The one exception is the Facebook message that you can choose to send along with a friend request. If you are not Facebook friends with your hook-up, then a request accompanied by a pithy, playful note is an excellent opportunity for both flirtation and aloofness: “I think we probably qualify as friends now,” for example. I would never say that, but you get what I mean: feisty reference to sexual encounter with an air of studied casualness. Fight the temptation to send just a wink face.

Skype: Did you add him/her on Skype? Why did you do that? Skype is for your mom and your boyfriend on a semester abroad in Beijing.

Gchat/AIM: If your hook-up happens already to be one of your contacts, then you have stumbled on a glorious playground of innuendo and inside joke development. A phone call, text or Web message all require deliberate contact-making, but when it comes to online chat you message someone simply because they’re online. It would be rude NOT to say something.

Also, every word doesn’t have the weightiness of a text or e-mail because you’re speedily scripting it in real time, as opposed to obsessively redrafting it in your darkened bedroom. Online chat has zero minimum emotional disclosure, which is why it’s so popular with us coddled, self-involved Generation Yers. But there’s also great potential for a lot of emotional disclosure, as well as sexual disclosure — things you would never ever say aloud to this person’s face ever ever, like: “my prof totally noticed my hickey it’s practically BLEEDING thank you.”

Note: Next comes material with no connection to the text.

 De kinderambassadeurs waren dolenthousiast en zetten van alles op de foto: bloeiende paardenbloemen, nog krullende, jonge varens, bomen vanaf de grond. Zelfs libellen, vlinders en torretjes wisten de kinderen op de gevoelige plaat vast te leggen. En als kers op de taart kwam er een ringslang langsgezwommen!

Facebook chat: Are you on drugs? Because I imagine being on drugs on Facebook chat would be hilarious. If you’re not on drugs, you have no excuse for chatting to your hook-up on Facebook. Unless it’s after 3 a.m. Then you can say something about how late it is and how sleep is for the weak or something.

Twitter: @hookup #followfriday me @SAE tonite? #probablyinappropriate

Google Buzz: You don’t want to be hooking up with anyone who actually uses Google Buzz.

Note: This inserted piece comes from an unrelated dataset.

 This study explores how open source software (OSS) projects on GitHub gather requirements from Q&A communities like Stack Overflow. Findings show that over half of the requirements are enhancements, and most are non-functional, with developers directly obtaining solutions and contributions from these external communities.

Facebook wall post: This is both the least intense and most intense of all communication media today. It’s the least intense because it’s on public display, so it’s probably stripped of any significant content. It’s probably a reference — to a past conversation or something on your profile — and a large amount of mental energy is required to construct a reply. There’s also an interval between posts of at least a few hours, so it usually ends up as a prolonged and titillating game of meaninglessness.

But the medium is the message, especially when it comes to wall posts. The content of the message is the very fact of wallposting. You’re broadcasting your new and ambiguous relationship to your entire network, flooding hundreds of Minifeeds with your nascent courtship.

Everyone you’ve ever known since high school, including other potential hook-ups, will see that you and this rando person have developed a delightful rapport. Anyone who really likes you will check this wall-to-wall on a daily basis. Yet you wall-post away despite these glaring eyes, tossing your feelings into the vicious, judgmental dentate of the social universe. In this day and age, with our morally bereft casual sexing and fragmented faceless cyberscapes, isn’t this the closest thing we have to love?